### PROVIDED DATA
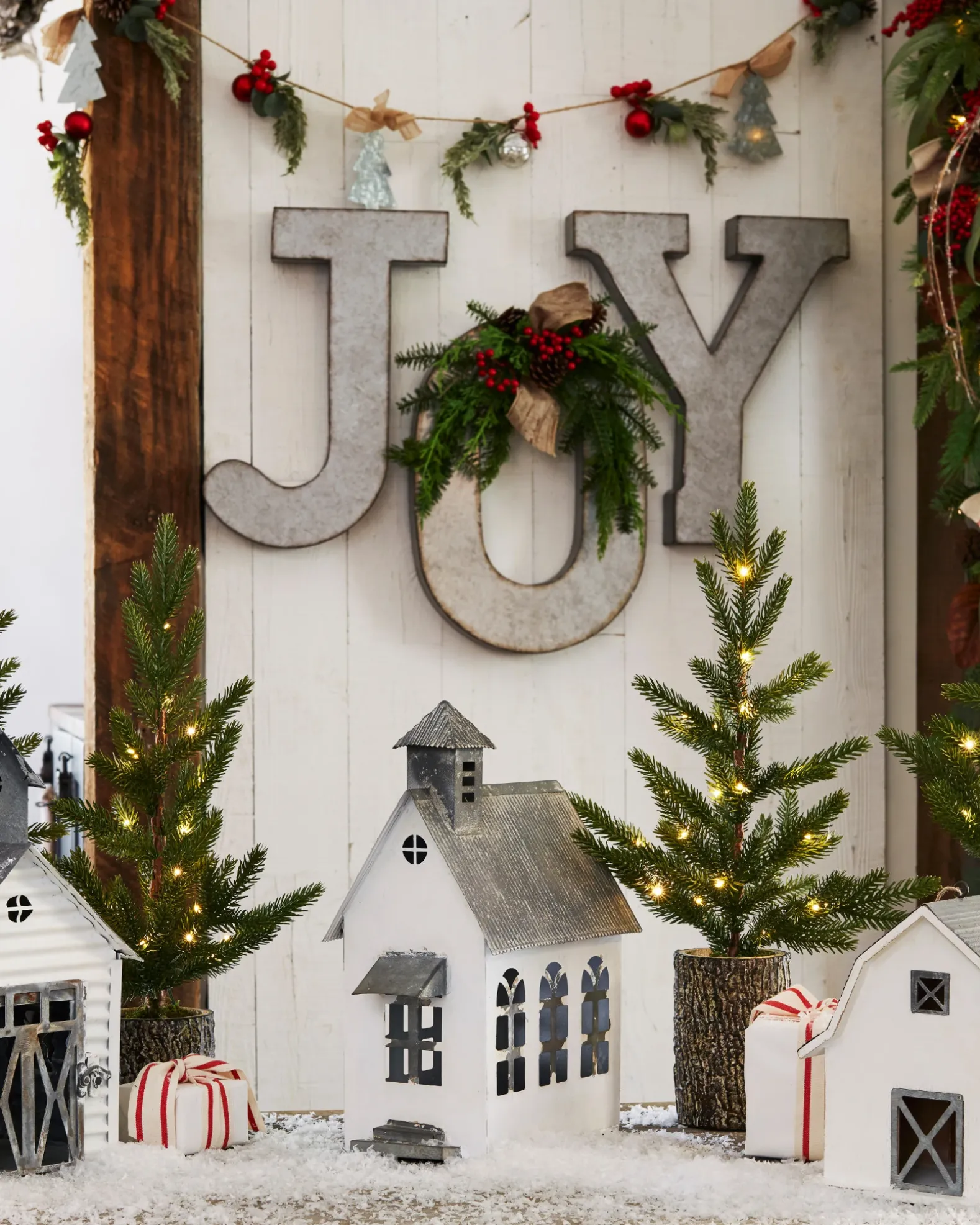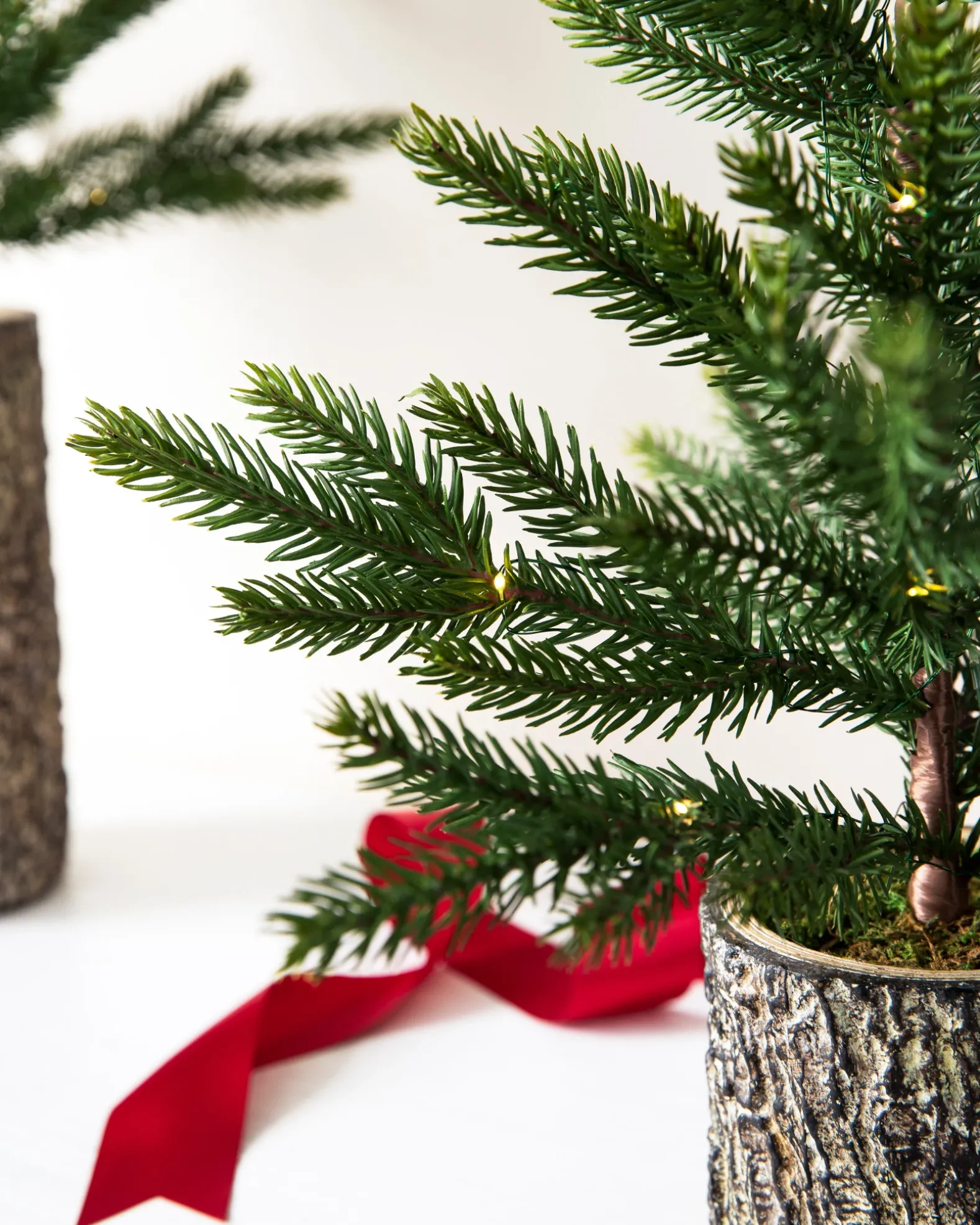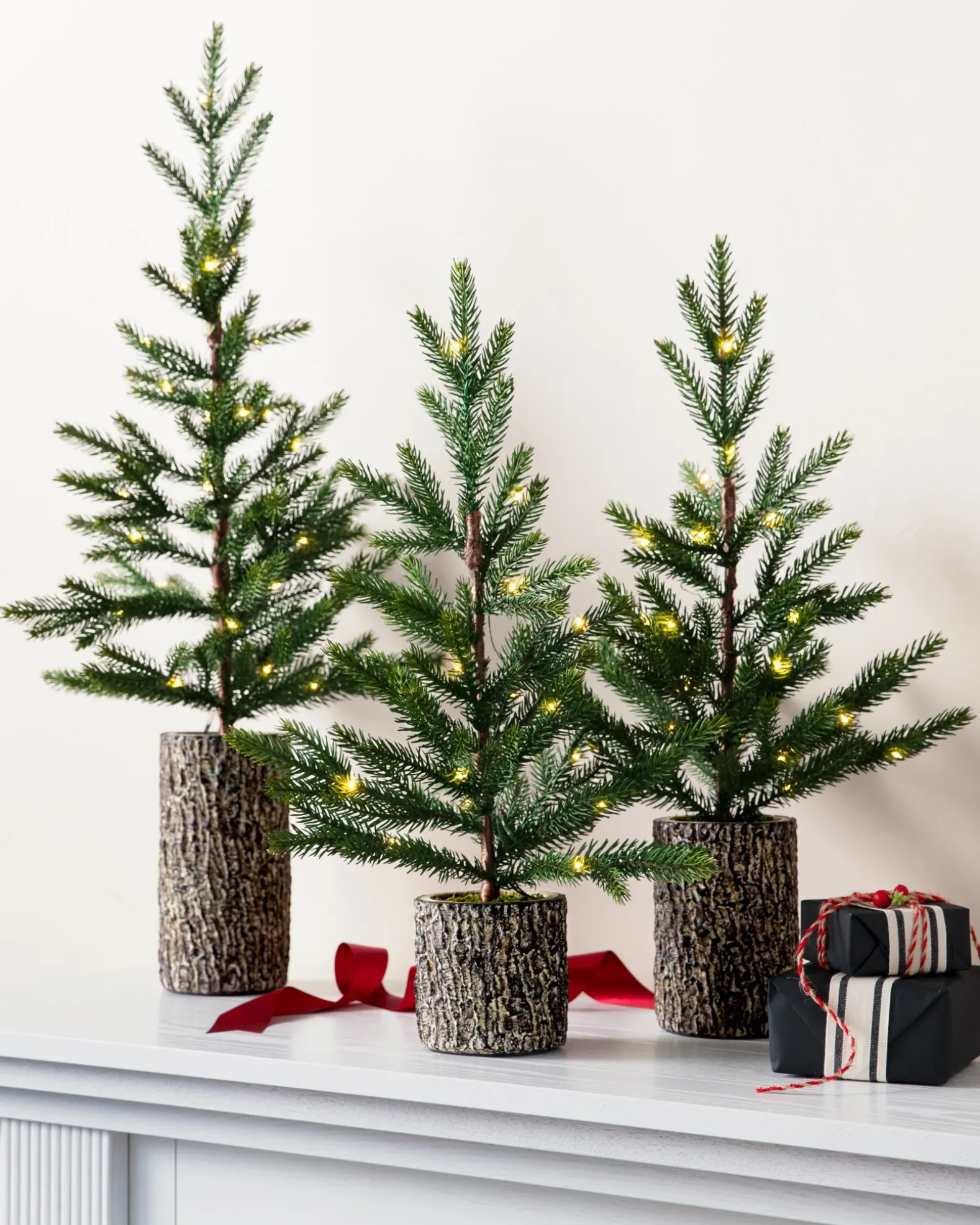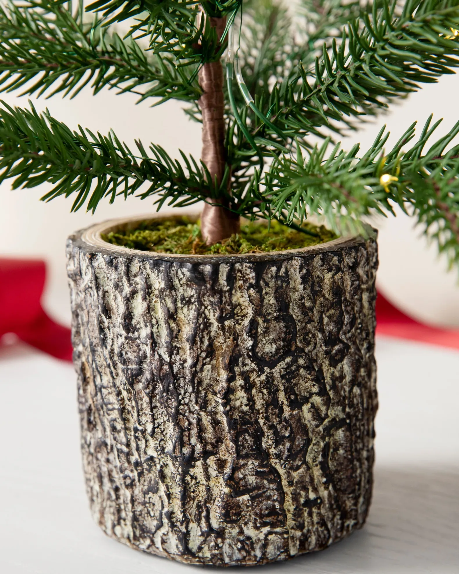 Welcome the season with the charming look of baby evergreens. Nestled in textured bark pots, this set adds a rustic touch to mantels and tablescapes.
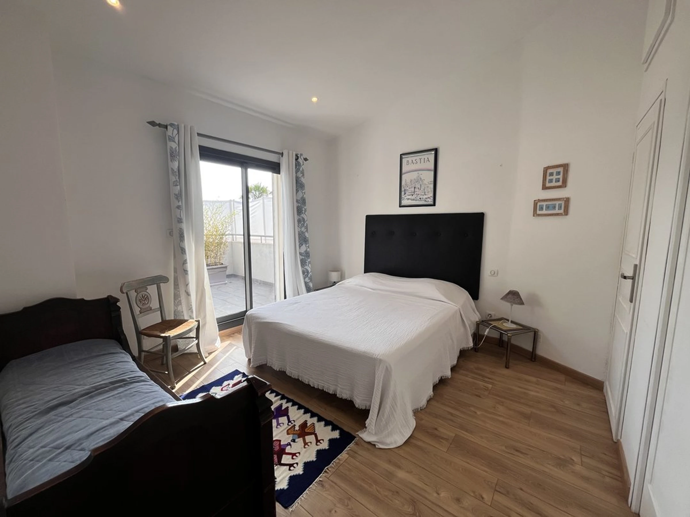 Schlafzimmer 2: Klimaanlage: 1 Doppelbett (140x190), 1 korsisches Bett, Lagerung.
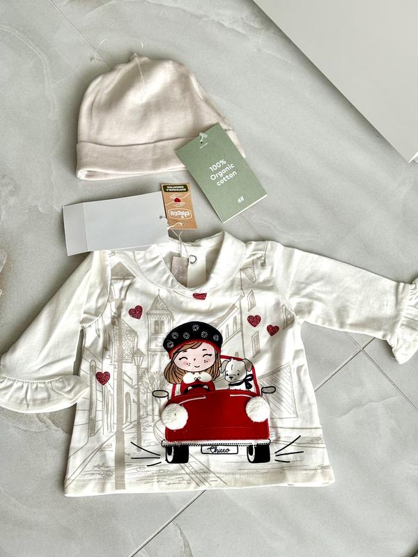 Детская новая очень красивая кофта и шапочка Кофта-275 Chicco Шапочка -120 h&m( очень легенька) Размер 0-3 мес Набором 350

### TASK DIRECTIONS
Please copy the lines above, starting at the one that holds "Schlafzimmer 2: Klimaanlage: 1" and stopping after the last line, exactly as they appear and minus the pictures.

### ANSWER SPACE
 Schlafzimmer 2: Klimaanlage: 1 Doppelbett (140x190), 1 korsisches Bett, Lagerung.
 Детская новая очень красивая кофта и шапочка Кофта-275 Chicco Шапочка -120 h&m( очень легенька) Размер 0-3 мес Набором 350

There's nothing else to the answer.